Now let’s step back and look at how that applies to the book as a whole. Exodus is fairly easy to outline due to its broad, sweeping movements and genre shifts. I’ll use an adapted version of Leland Ryken’s outline in his Literary Introductions to the Books of the Bible for our example:
Chs 1-6: God is not glorified because Pharaoh won’t let the people go
Chs 7-10: God is glorified in judging Egypt
Chs 11-15a: God is glorified in redeeming His people
Chs 15b-18: God is glorified in providing for His people
Chs 19-24: God is glorified in giving His people the law
Chs 25-40: God is glorified in worship (Ryken 37)
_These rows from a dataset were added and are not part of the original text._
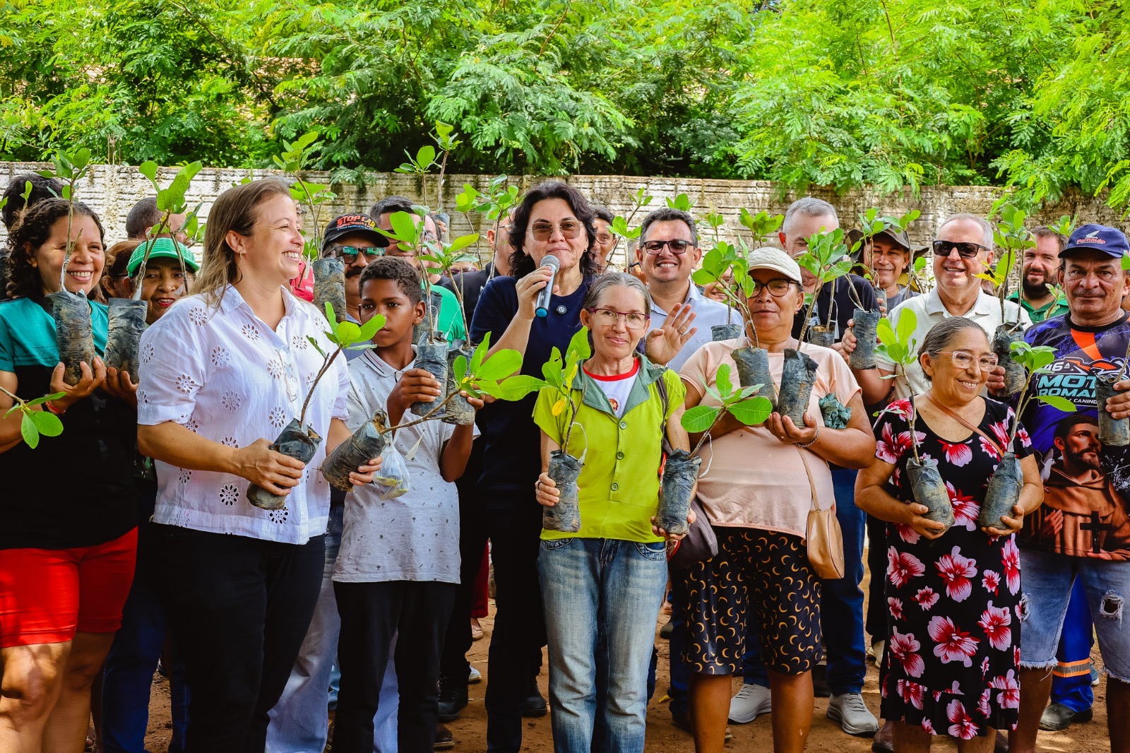A prefeita Jôve Oliveira Monteiro destacou: “Estamos entregando 2300 mudas para o nosso povo e estamos assim incentivando nossa agricultura familiar, muita gente aqui e muito sucesso.”
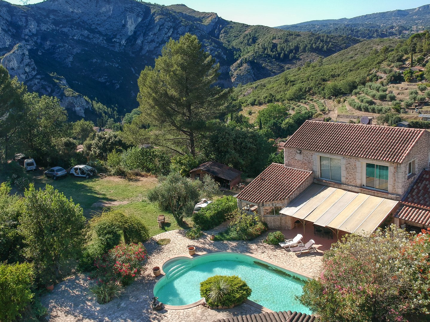 Implantée sur un terrain d’environ 15 000 m² en restanques arborées, la maison développe environ 130 m² habitables et s’accompagne d’une dépendance aménagée d’environ 20 m².
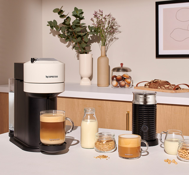Preparar los diferentes tipos de café con cafeína es cuestión de segundos. Un buen espresso o lungo está a un clic con las máquinas Original (entre 50 y 120 mg de cafeína, según la variedad) y el tamaño de taza que prefieras, con abundante crema, en el sistema de cafeteras Vertuo.
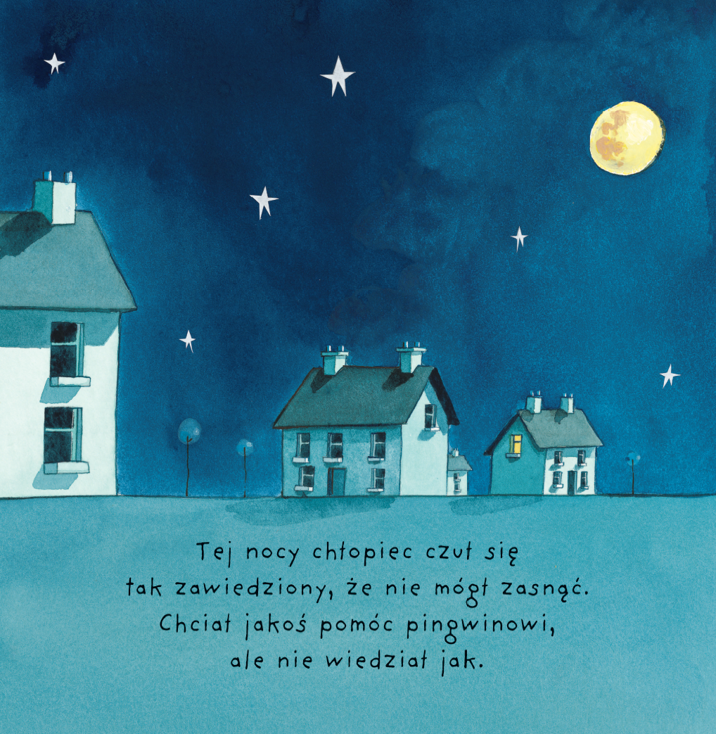 Był sobie raz chłopiec. Pewnego dnia do jego drzwi zapukał… smutny pingwin. Skąd on się wziął? Żeby pomóc pingwinowi wrócić do domu, chłopiec zaplanuje dla nich podróż aż na skuty lodem biegun południowy. I znajdą tam wielki skarb.
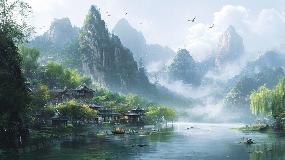 本作品内容为山水中国风四季唯美风景插画, 格式为 jpg, 大小4 MB, 图片尺寸为2912 x 1632, 源文件无水印, 欢迎使用熊猫办公。 如认为平台内容涉嫌侵权,可通过邮件:tousu@tukuppt.com提出书面通知,我们将及时处理。
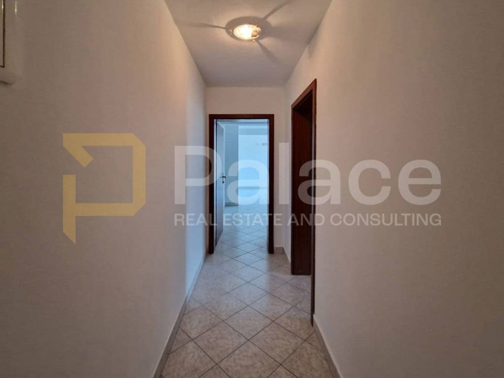 The total area of the apartment is 78.7 m² and consists of a hallway, bathroom, toilet, three bedrooms, living room, kitchen with dining area, storage room, and terrace. In essence, it is divided into two separate one-bedroom residential units, each with its own living room, kitchen, and bathroom. One unit has a French balcony with partial sea view, while the other has a terrace, also with partial sea view.
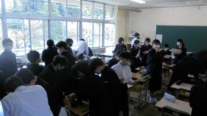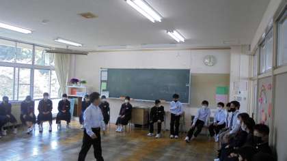 中1学力調査が終わり、ほっとした時間に自己紹介を行いました。学級ごとに、フルーツバスケットや「出会いのビンゴ」、一つの円陣などと様々な形態で実施しました。和やかな表情が見られ、楽しいひとときでした。
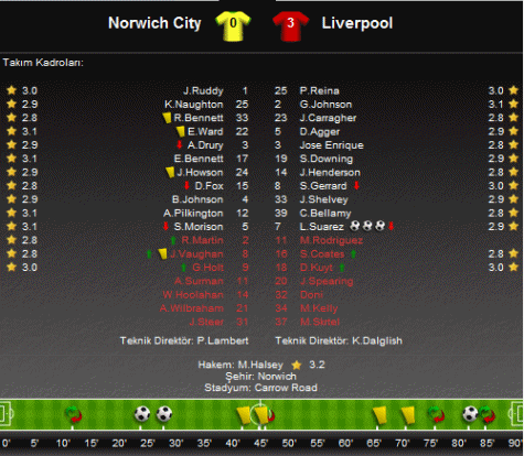 Maç boyunca etkili bir futbol oynayan Liverpool'un, 52. dakikada Jonjo Shelvey ile bir topu da direkten döndü.Bu sonuçla Liverpool, puanını 49'a çıkarttı. Norwich City ise 43 puanda kaldı.
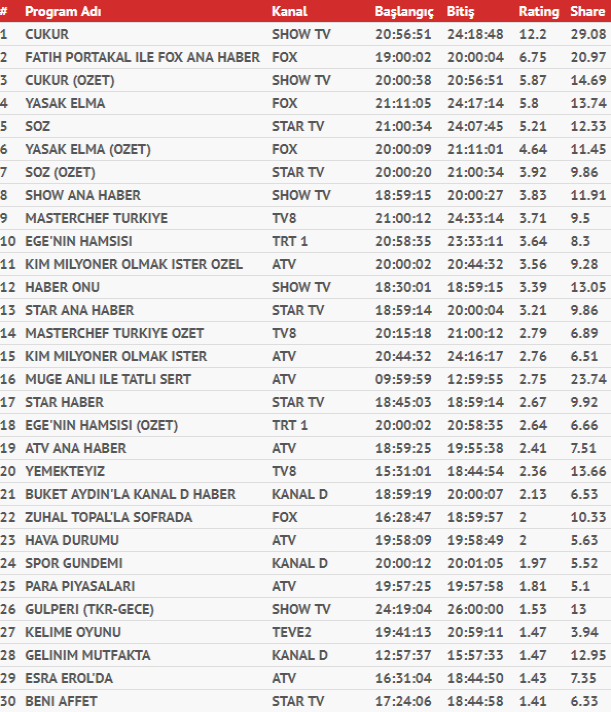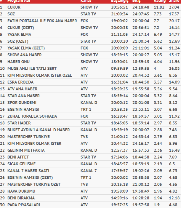 TRT'nin sevilen dizisi Ege'nin Hamsisi dün yayınlanan bölümüyle TOTAL'de 16. sırada yer alırken, AB'de 10. sırada yer aldı. Tv8 ekranlarının ilgiyle takip edilen yarışma programı Masterchef Türkiye ise, TOTAL'de 20. sırada yer alırken, AB'de 14. sırada konumlandı.
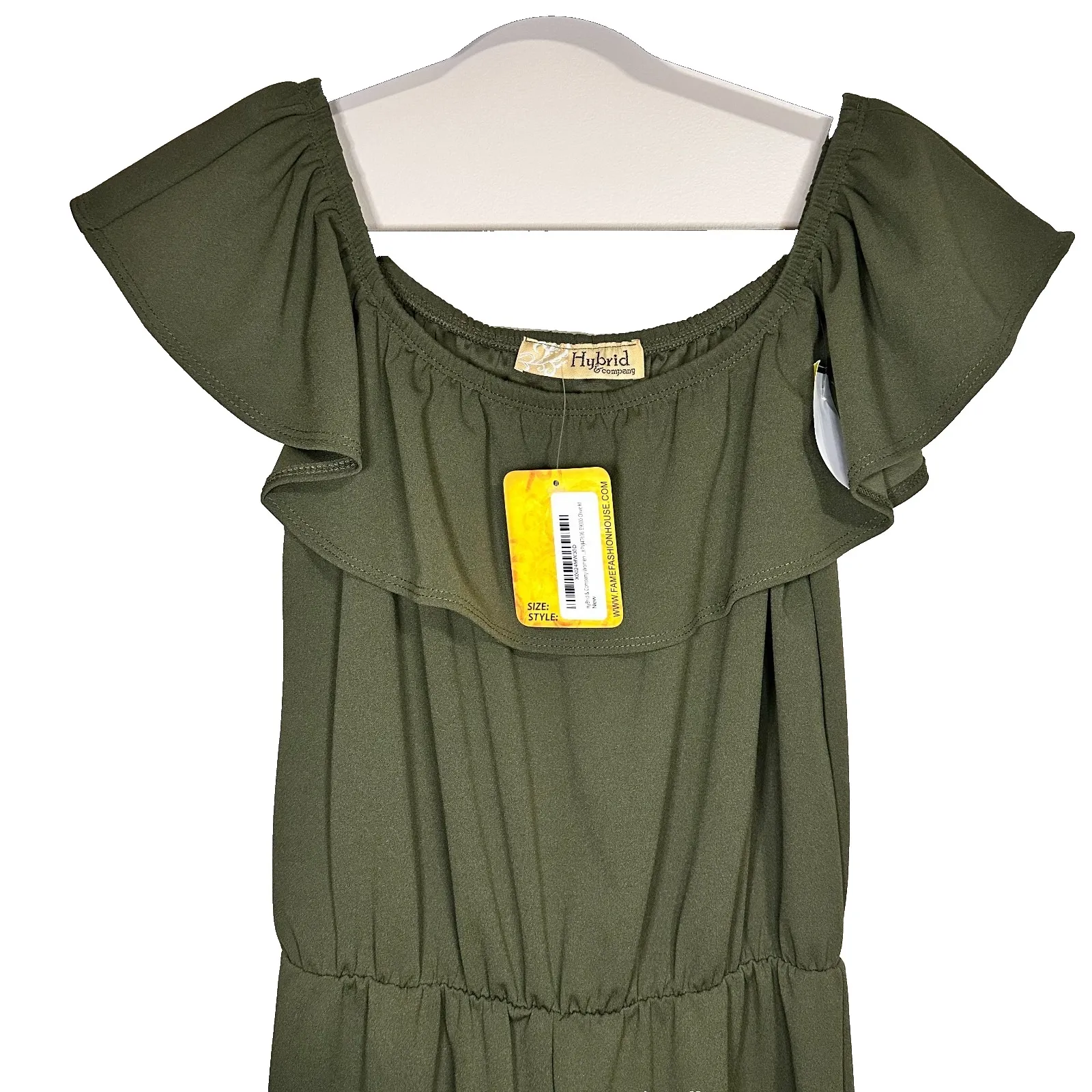 This women's jumpsuit in olive green, size medium, is a stylish and versatile addition to any wardrobe. The sleeveless design and wide-leg silhouette offer comfort and ease of movement, while the solid color and one-piece construction make it a chic and classic choice. Made of polyester, this jumpsuit from Hybrid & Co is perfect for a variety of occasions, from casual outings to more dressed-up events. The 28-inch inseam ensures a flattering fit, and the on-trend style makes it a must-have piece for any fashion-forward woman.
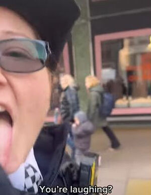 Когда Лондон начала отстаивать свое право петь на улице, полицейский волонтер показала язык на камеру.
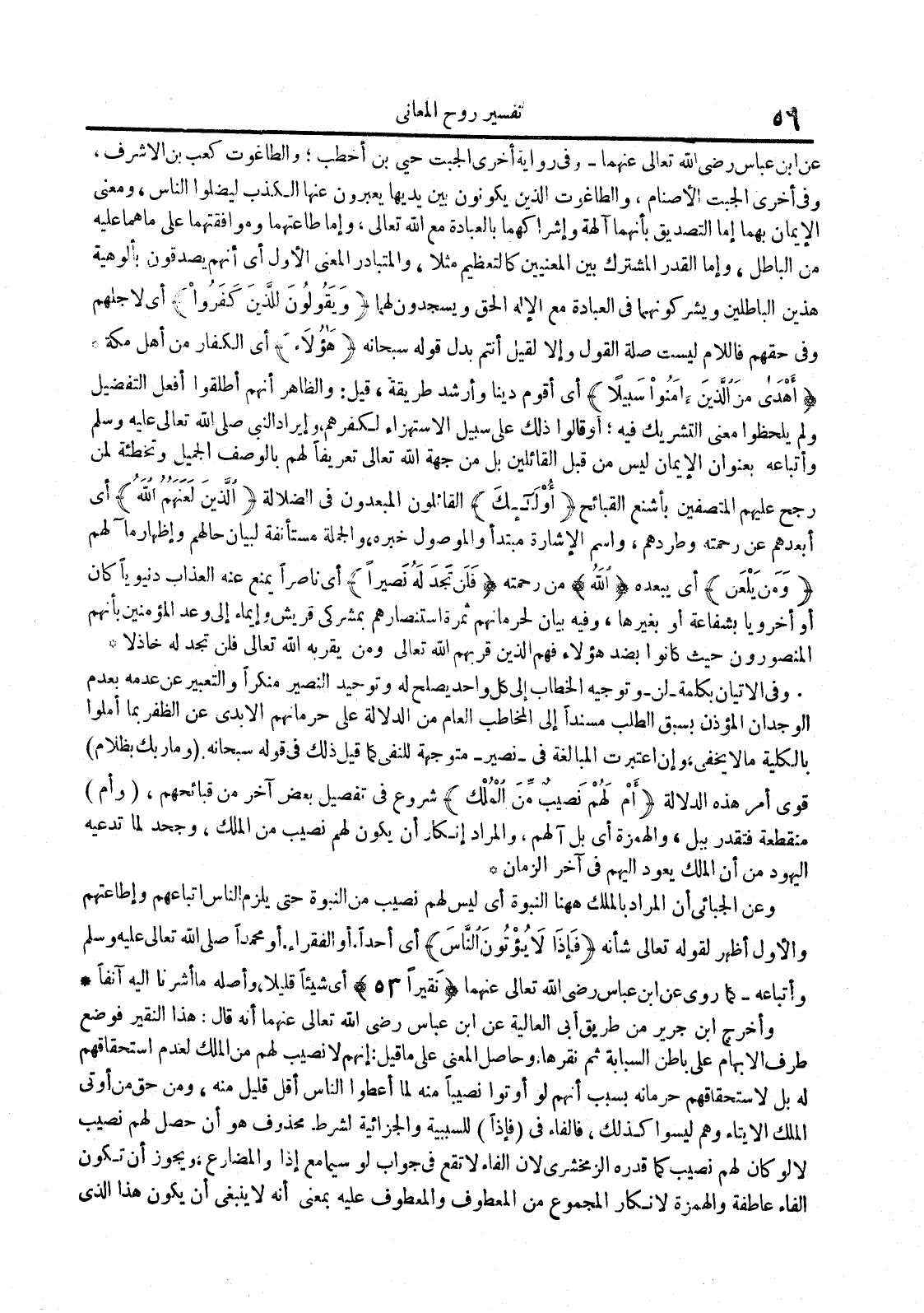 أهدى من الذين ءامنوا سبيلا أي أقوم دينا وأرشد طريقة قيل : والظاهر أنهم أطلقوا أفعل التفضيل ولم يلحظوا معنى التشريك فيه أو قالوا ذلك على سبيل الاستهزاء لكفرهم وإيراد النبي صلى الله تعالى عليه وسلم وأتباعه بعنوان الإيمان ليس من قبل القائلين بل من جهة الله تعالى تعريفا لهم بالوصف الجميل وتخطئة لمن رجح عليهم المتصفين بأشنع القبائح أولئك القائلون المبعدون في الضلالة الذين لعنهم الله أي أبعدهم عن رحمته وطردهم واسم الإشارة مبتدأ والموصول خبره والجملة مستأنفة لبيان حالهم وإظهار مآلهم ومن يلعن أي يبعده الله من رحمته فلن تجد له نصيرا أي ناصرا يمنع عنه العذاب دنيويا كان أو أخرويا بشفاعة أو بغيرها وفيه بيان لحرمانهم ثمرة استنصارهم بمشركي مكة وإيماء إلى وعد المؤمنين بأنهم المنصورون حيث كانوا بضد هؤلاء فهم الذين قربهم الله تعالى ومن يقربه الله تعالى فلن تجد له خاذلا

I would argue that Ryken’s outline may need to be broken up a bit more at the end, especially in light of the “interruption” of chapters 32-34. Chapters 25-40 detail the blueprints of and building of the Tabernacle (25-31, 35-40 respectively, with 32-34 being the “interruption” of the people’s sin with the golden calf). Notice how heavily Exodus leans on this Tabernacle section at the end. If you remove those last sixteen chapters, you have a story about God redeeming His people from slavery in Egypt, giving them a law and covenanting with them on Mt. Sinai. Period.
What does that last section add to the story? Well, remember our Big Idea of Exodus: Serve Yahweh, Creator and Redeemer, who dwells among us. If we remove chapters 25-40, we also lose those last four words: “who dwells among us.” That’s where the last section of Exodus is focused. A God who graciously gives us a tent-like structure called the Tabernacle that He might dwell among us. This same God that released the Israelites with a mighty hand from the clutches of Pharaoh has determined to covenant with Israel and put His presence in their midst.
Several commentators have noted how the two major halves of this book interrelate. Douglas Stuart break the book into two halves: 1) deliverance of the people to God, and 2) th constitution of that group as a people of God. He looks at the entire book through the lens of servitude: serving Egypt, then serving God (Stuart, Exodus, 20). John Durham in the WBC commentary on Exodus sees the first half under the theme of Rescue and the second under the theme of Response. The Presence of God binds the two themes together (xxiii).
No matter which way we cut it, we must read Exodus as a whole, making sure we do not divorce the law from the narrative from the Tabernacle blueprints. Each part of the structure informs the meaning of the story of the Israelites. Just as ignoring part of a chapter will change the meaning of that chapter, ignoring part of the book will do the same for the reader.